Coefficient of Determination $R^2$

$R^2$ measures the proportion of total variability in $y$ explained by the model:

\[R^2 = \frac{SSE}{SST} = 1 - \frac{SSR}{SST}.\]

Proof: $SST = SSE + SSR$

\[SST = \sum_{i=1}^{n} (y_i - \bar{y})^2 = \sum_{i=1}^{n} (y_i - \hat{y}_i + \hat{y}_i - \bar{y})^2.\]

Expanding:

\[SST = \sum_{i=1}^{n} (y_i - \hat{y}_i)^2 + 2\sum_{i=1}^{n} (y_i - \hat{y}_i)(\hat{y}_i - \bar{y}) + \sum_{i=1}^{n} (\hat{y}_i - \bar{y})^2.\]

The middle term is zero because:

\[\sum_{i=1}^{n} (y_i - \hat{y}_i)(\hat{y}_i - \bar{y}) = \sum_{i=1}^{n} \epsilon_i(\hat{\beta}_0 + \hat{\beta}_1x_i - \bar{y}) = 0.\]

Recall $\sum_{i=1}^{n} \epsilon_i = 0$ and $\sum_{i=1}^{n} x_i\epsilon_i = 0$.

Thus:

\[SST = SSR + SSE.\]

1.6 Bias in SST

To be added later.

1.7 Hypothesis Testing on $\beta_1$

Recall the t-distribution:

\[T = \frac{Z}{\sqrt{Y/D}} ,\]

where $Z \sim N(0, 1)$, $Y \sim \chi^2(D)$, and $Z$, $Y$ are independent. As $D \to \infty$, the t-distribution approaches the standard normal.

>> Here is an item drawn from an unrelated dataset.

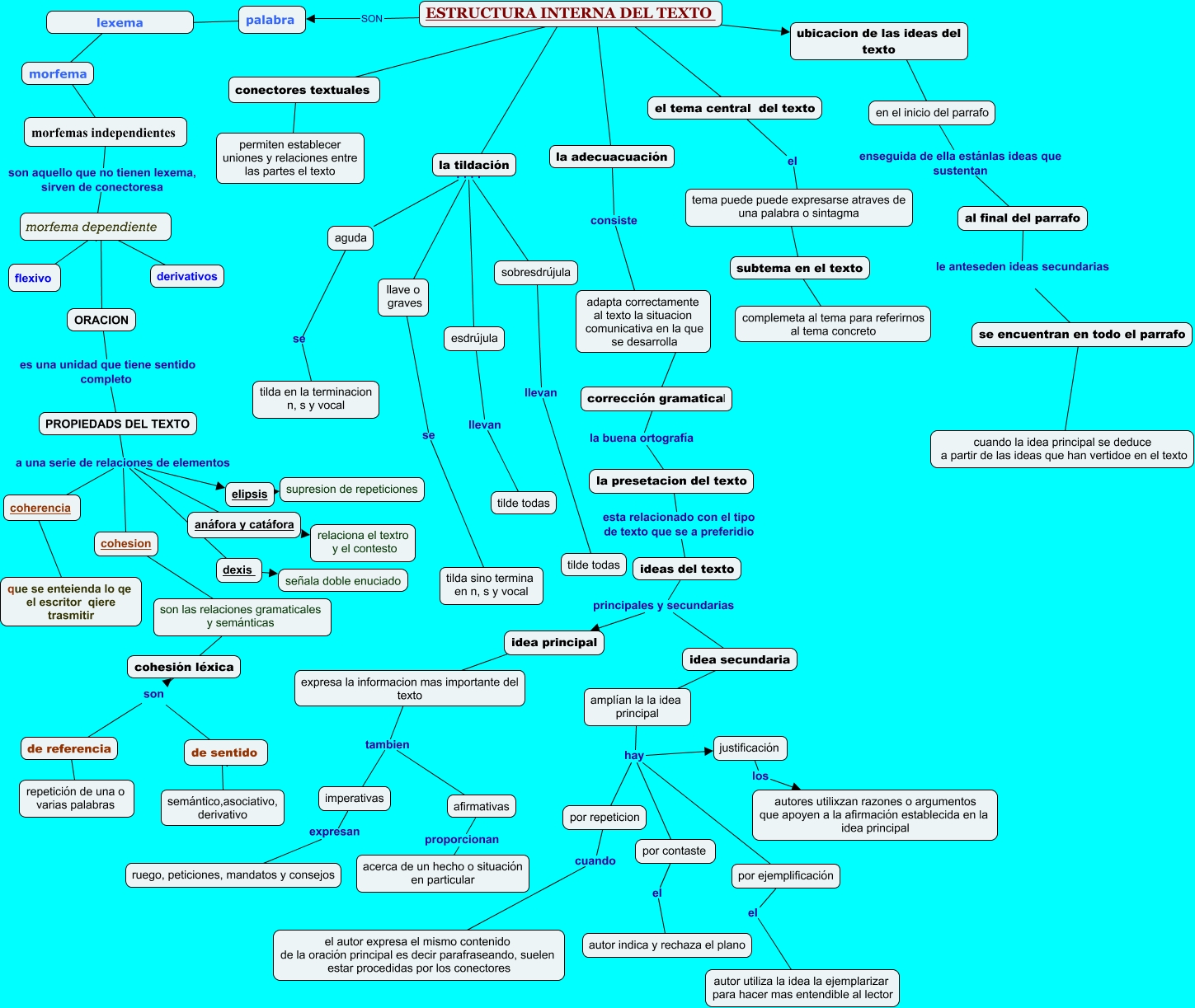 Este Cmap, tiene información relacionada con: mapa conseptual de excell, por repeticion cuando el autor expresa el mismo contenido de la oración principal es decir parafraseando, suelen estar procedidas por los conectores, aguda se tilda en la terminacion n, s y vocal, amplían la la idea principal hay por repeticion, ORACION es una unidad que tiene sentido completo PROPIEDADS DEL TEXTO, morfema dependiente ???? derivativos, al final del parrafo le anteseden ideas secundarias se encuentran en todo el parrafo, de referencia ???? repetición de una o varias palabras, corrección gramatical la buena ortografía la presetacion del texto, la presetacion del texto esta relacionado con el tipo de texto que se a preferidio ideas del texto, dexis ???? señala doble enuciado, expresa la informacion mas importante del texto tambien imperativas, PROPIEDADS DEL TEXTO a una serie de relaciones de elementos coherencia, la tildación ???? esdrújula, conectores textuales ???? ESTRUCTURA INTERNA DEL TEXTO, son las relaciones gramaticales y semánticas son de sentido, esdrújula llevan tilde todas, llave o graves se tilda sino termina en n, s y vocal, se encuentran en todo el parrafo ???? cuando la idea principal se deduce a partir de las ideas que han vertidoe en el texto, morfema multiplicar morfemas independientes, ESTRUCTURA INTERNA DEL TEXTO ???? la adecuacuación

A t-test assesses the significance of $\beta_1$:

\(H_0: \beta_1 = 0\) \(H_1: \beta_1 \neq 0\)

Test statistic:

\[t = \frac{\hat{\beta}_1 - \beta_1}{SE(\hat{\beta}_1)} \sim t(n-k-1),\]

where:

  • $\hat{\beta}_1$: estimated slope
  • $\beta_1$: hypothesized value (usually 0)
  • $SE(\hat{\beta}_1)$: standard error of $\hat{\beta}_1$
  • $n$: sample size
  • $k$: number of independent variables ($k=1$ for univariate)
Reject $H_0$ if $ t $ exceeds the critical value at the chosen significance level.

1.8 F-test

Define:

  • MSE (Mean Squared Explained):
\[MSE = \frac{SSE}{k}, \text{ where } k = 1.\]
  • MSR (Mean Squared Residual):
\[MSR = \frac{SSR}{n-k-1}.\]

Notation may differ in other sources (e.g., in machine learning, $MSE = \frac{SSR}{n}$).

For the F-test:

\(H_0: \beta_1 = 0\) \(H_1: \beta_1 \neq 0\)

Test statistic:

\[F = \frac{MSE}{MSR} = \frac{SSE/k}{SSR/(n-k-1)} \sim F(k, n-k-1),\]

where $k$ is the number of independent variables ($k=1$), $n$ is the sample size. Reject $H_0$ if $F$ exceeds the critical value.

1.9 Test Based on Correlation Coefficient

The correlation coefficient $\rho$:

\[\rho = \frac{cov(x, y)}{\sqrt{var(x)var(y)}} = \frac{E[(x - E(x))(y - E(y))]}{\sqrt{E[(x - E(x))^2]E[(y - E(y))^2]}}\] \[= \frac{E[(x - E(x))(\beta_0 + \beta_1x - E(\beta_0 + \beta_1x ))]}{\sqrt{E[(x - E(x))^2]E[(\beta_0 + \beta_1x - E(\beta_0 + \beta_1x ))^2]}}\] \[= \frac{E[(x - E(x))(\beta_1x - \beta_1E(x))]}{\sqrt{E[(x - E(x))^2]E[(\beta_1x - \beta_1E(x))^2]}}\] \[= \frac{\beta_1E[(x - E(x))^2]}{\sqrt{\beta_1^2E[(x - E(x))^2]E[(x - E(x))^2]}}\] \[= \frac{\beta_1}{|\beta_1|}.\]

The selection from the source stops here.